Please read the JAMA full article by clicking here: http://archinte.jamanetwork.com/article.aspx?articleid=1661390.

Making a Sea Change

A sea change is defined as "a profound or notable transformation." Americans have made sea changes about drunken driving, cigarette smoking, and many other obvious threats to health and safety. They have realized that these things threaten our society and kill innocent citizens. They have responded by declaring the need for reform.

I believe the proliferation of guns requires an immediate sea change. We can no longer accept mass murders by guns as things that are just "bound to happen." It is imperative that the gun lobby and the gun control advocates and, yes, the NRA, work together with the aid of recent research to compromise and pass new legislation that will evoke a new, much-needed change that transforms our American culture from a group of people that sees gun violence as routine to a united force that is willing to overhaul gun legislation.

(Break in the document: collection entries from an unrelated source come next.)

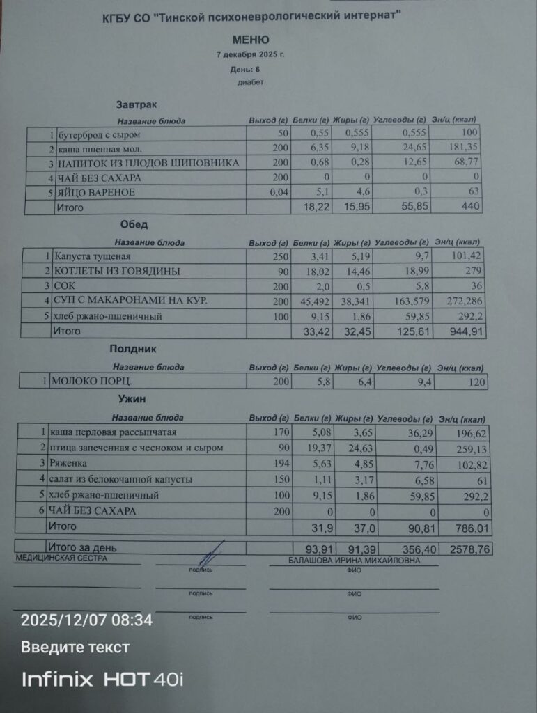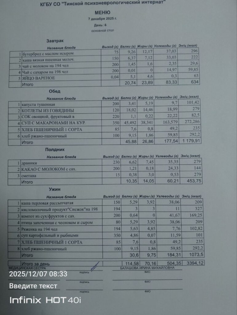 • Питание за 07.12.2025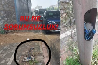 KALDIRIMDAKİ KABLOLAR TEHLİKE SAÇIYOR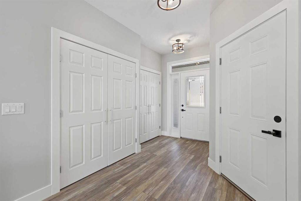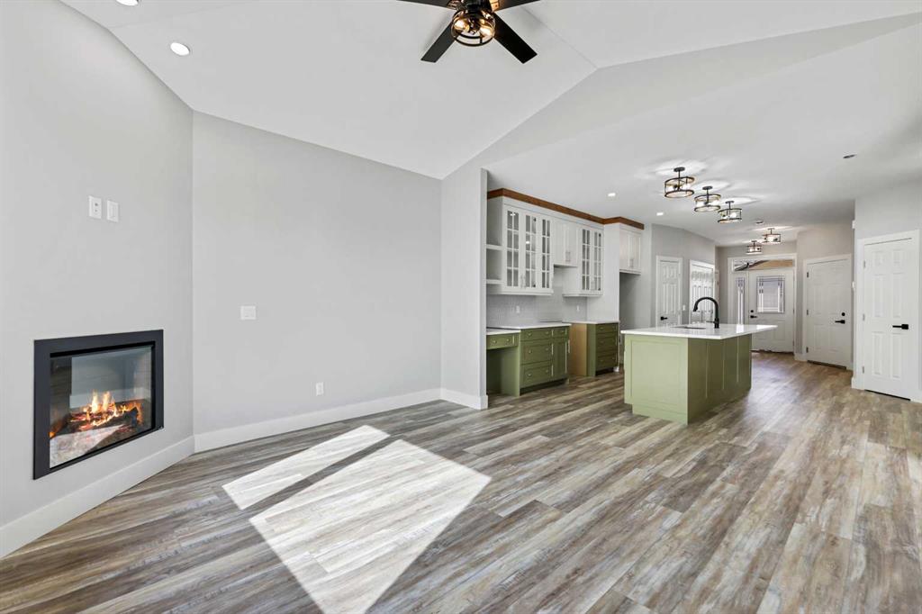 This Sundre villa offers a serene escape from urban life, surrounded by lush greenery and picturesque mountains. Situated in the heart of Sundre's vibrant community, Prairie Creek Crossing beckons with its promise of tranquil living for adults seeking a retreat or retirement haven. Step inside to discover a modern oasis designed for comfort and convenience. The open floor plan welcomes you with vaulted ceilings, creating an airy ambiance throughout. The kitchen is a chef's delight, with ample counter space, and a spacious pantry for all your culinary needs. Entertaining is effortless as the dining area seamlessly transitions into the inviting living room, providing the perfect setting for family gatherings and socializing. Retreat to the master bedroom, featuring a walk-through closet leading to a private 4-piece ensuite, offering a sanctuary of relaxation. Designed for ease of living, this single-floor layout eliminates the hassle of stairs, catering to adults looking to downsize without compromising on comfort. A over size single attached heated garage provides convenient parking for one vehicle, ensuring both practicality and security. Experience year-round comfort with in-floor heating throughout the home and garage, while exterior landscaping and snow removal are meticulously taken care of. Embrace the joys of pet ownership as Prairie Creek Crossing welcomes furry companions with board approval, allowing you to share your new home with your beloved pets. Beyond the doorstep, Sundre offers an array of recreational opportunities for outdoor enthusiasts, including hiking, fishing, camping, and trail riding amidst breathtaking natural landscapes. Indulge in quality golf courses or unwind at the local hospital, seniors club, or indoor recreational centre with an indoor pool and fitness facilities. Don't wait to embrace the retirement lifestyle you've dreamed of—seize the opportunity to live amidst Sundre's beauty and tranquility at Prairie Creek Crossing.

By one count, our current President has issued statements following at least 15 mass killings. It is time... no, it is past time to stop being at odds concerning guns in America. The problem of gun violence exists, and we -- conservatives and liberals, Republicans and Democrats -- must now face it with new resolve and exert a better means of control.

I agree with President Obama as he spoke to the nation after the Oregon massacre. He said, “So tonight, as those of us who are lucky enough to hug our kids a little closer are thinking about the families who aren’t so fortunate, I’d ask the American people to think about how they can get our government to change these laws, and to save these lives and let these people grow up.”